![]() Displaced children in eastern Congo. Photo: Michael J. Kavanagh |
Michael J. Kavanagh is a journalist with the Pulitzer Center on Crisis Reporting. He recently reported on the crisis in eastern Congo for Worldfocus: The story of Pascal and Vestine. Here, he writes about his experience covering the conflict.
The conflict in Congo is too complicated to explain in a five-minute video, so we’ve left most of the context out in order to focus on Pascal’s story. For more background on the recent fighting, check out my Q&A on history, rebels and crisis in eastern Congo.
I’ve been reporting on DRC for five years now, and there’s nothing that frustrates me more than the dismissive comments I often get about how conflict in Africa is endemic.
Violence is rarely irrational — it almost always has root causes that can be addressed. We’re often just too busy or lazy to learn enough about a situation to figure out how.
Given the extent of the outside world’s involvement in Congo over the last century, I am of the school that says we owe it to Pascal, Vestine, their two children and the millions who are suffering in Congo to try.

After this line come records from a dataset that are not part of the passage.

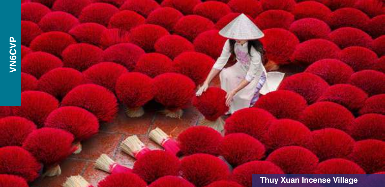
Thuy Xuan Incense Village
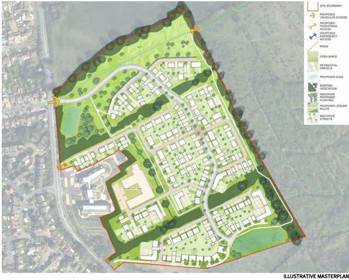
Illustrative Masterplan DAS section (pdf page 42)
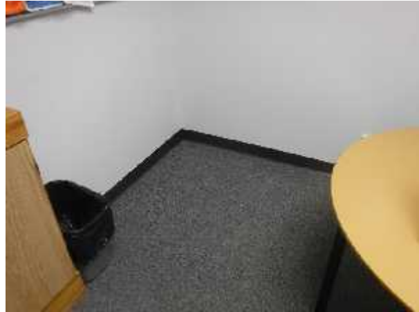
Photo 14 Description: Baseboard adhesive Location: Library office Asbestos: Suspect
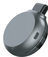
Magnetic Wireless Charger
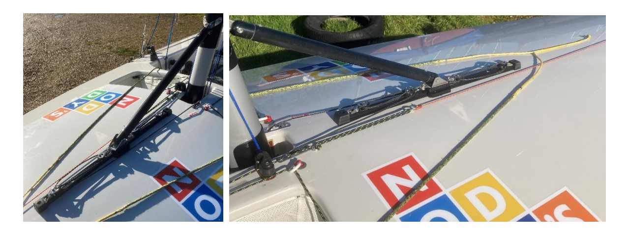
Strut/ Ram system with track on the deck. The jib cunningham line and cleat is also in veiw.
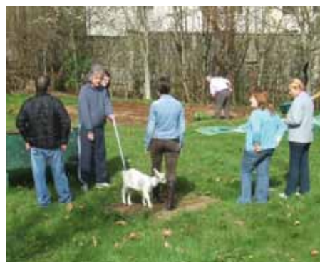
No kidding its a great service!

There are now five people living in Ballymurn. Our focus is on empowerment and individual rehabilitation and therefore when one person wanted chickens, we adopted six chickens. The next request was for goats so we approached Bothár and are now fostering two female goats that will be leaving us for Africa in December. Where our growing farm will end? We just don't know!
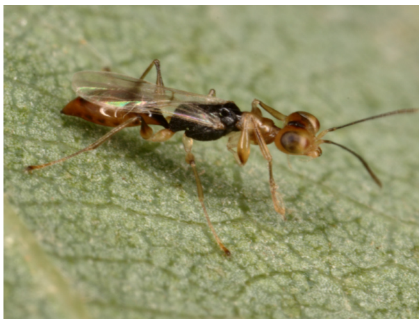
Figure 2. Echthrodelphax italicus Olmi, 1984.

Known hosts: Laodelphax striatella (Fallén), Megadelphax
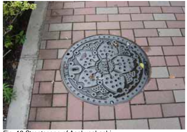
Fig. 12 Streetscape of Asakusabashi Photo dated: 030722, JP
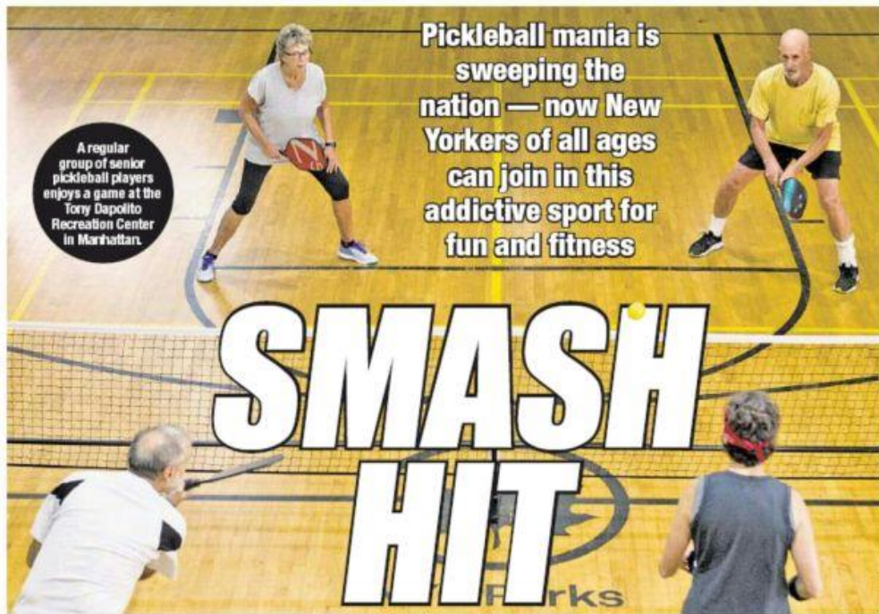
An article in last Tuesday's New York Post reveals pickleball has spread its tentacles across the country and captured the hearts of New Yorkers. If you'd like to read the article, click on Pickleball Article in NY Post .

New York Post Tuesday, October 18, 2016 nypost.com
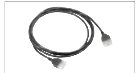
CAT6+ GigaBIX Patch Cord, BIX-BIX, 4 ft
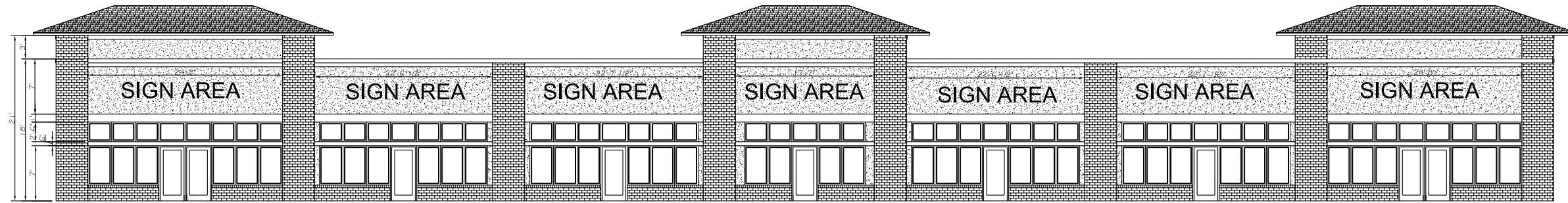
1 FRONT ELEVATION 3 B 1/16" = 1'-0"

Design Services, LLC holds the copy right of all these plans and drawings. No part of these plans or drawings may be reproduced, stored in a retrieval system, or transmitted in any form or by any means, electronic, mechanical, photocopying, recording, or by any information storage and retrieval system, without the prior written permission of Design Services, LLC. These plans and drawings are for the construction of one dwelling only. Design Services, LLC is not responsible for the accuracy of the information contained herein. Design Services, LLC is not responsible for the effect such information may have in the accuracy of the drawing.
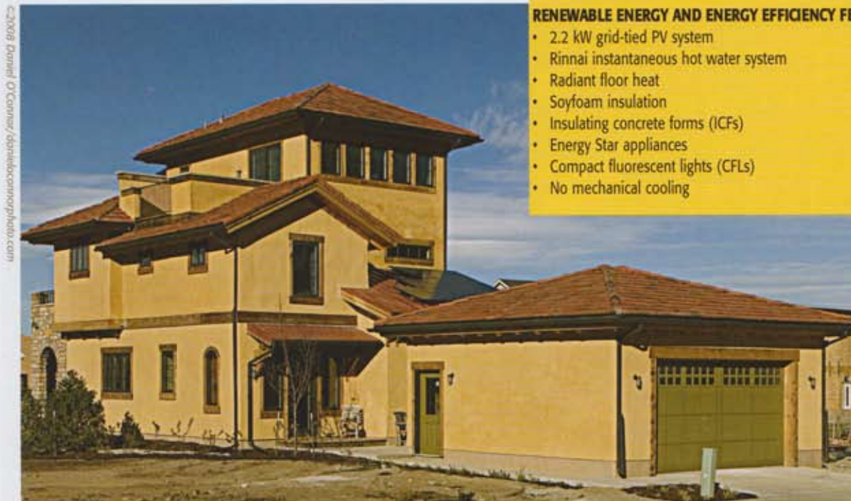
Merten Homes' new straw bale home in Old Town North in Fort Collins boasts R-28 walls, R-72 ceilings, and a 2.2-kilowatt grid-tied solar electric (photovoltaic or PV) system.
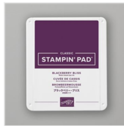
Blackberry Bliss Classic Stampin' Pad - 147092
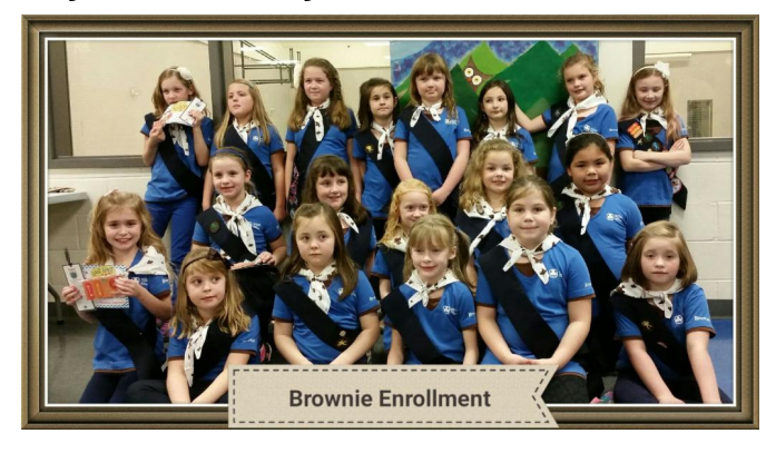
Photo Caption: The 2<sup>nd</sup> St. Thomas Brownies pause for a photo during their recent enrolment ceremony
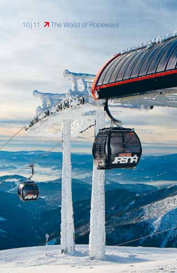
Detachable gondola lift – Demänorská dolina, SVK
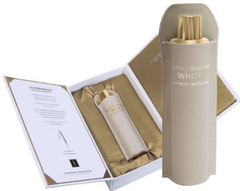
Puredistance WHITE Perfume - 100 ml
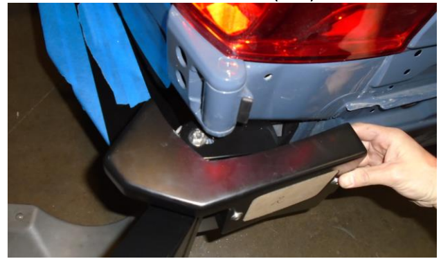
Figure 13: Installation of the Trim Assembly

PRO TIP: Mounting from the vehicle to the hitch and from the hitch to the aluminum bumper are both adjustable. Loosen associated bolts, position, and re-tighten into desired location on vehicle.
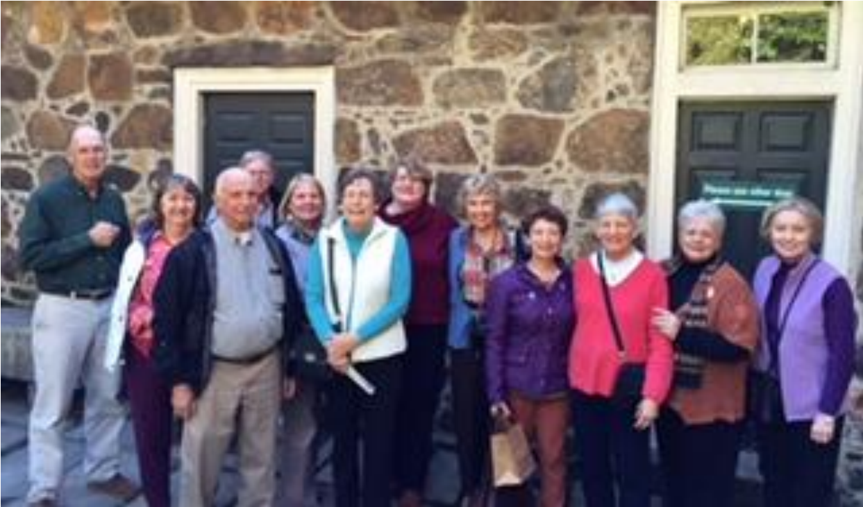
Tour of Richmond
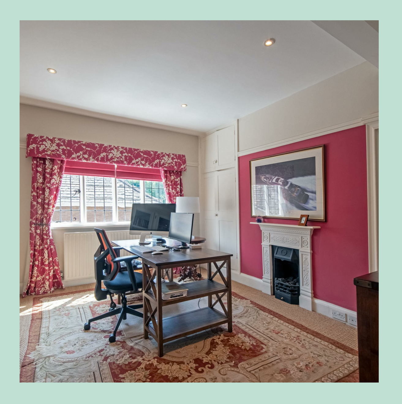
35, BRACEBRIDGE ROAD

As Taylor Krauss and I filmed in these camps, people were saying they hadn’t eaten in days and they hadn’t received food aid from humanitarian groups in months.
And then there’s the violence. It sometimes seems that every other woman you interview is a victim of sexual violence (we’ll air a piece about this in the coming weeks); an equal number of men have been tortured, killed, or forced to fight in armed groups.
These conditions make reporting in eastern Congo extremely difficult — read Taylor’s account of our detention by Congo’s notorious secret police.
We couldn’t have done our work without the help of many brave and generous Congolese citizens, United Nations staff and humanitarian workers. The International Rescue Committee — in particular, Danielle de Knocke van der Meulen, Lia Pozzi, Fidel Bafilemba and Elinor Raikes — were hospitable and patient with the sometimes burdensome requirements of television.
IRC is one of the few aid groups that consistently sends aid workers into the most dangerous places in the world, even when the danger is most acute. They save hundreds of lives every day.
We also need to thank the people at Virunga National Park who gave us the footage of the fighting in Rumangabo. Virunga is home to an extraordinary array of wildlife — from gorillas to gazelles to hippos. It’s also one of the main centers of war.
The Virunga rangers are the bulwark keeping armed groups from completely overrunning the park; over 100 rangers have been innocent casualties of the fighting over the years.
When the war ends and Virunga is again a naturalist’s paradise (it seems crazy even to write about that possibility at the moment), we’ll have the rangers to thank for preserving it.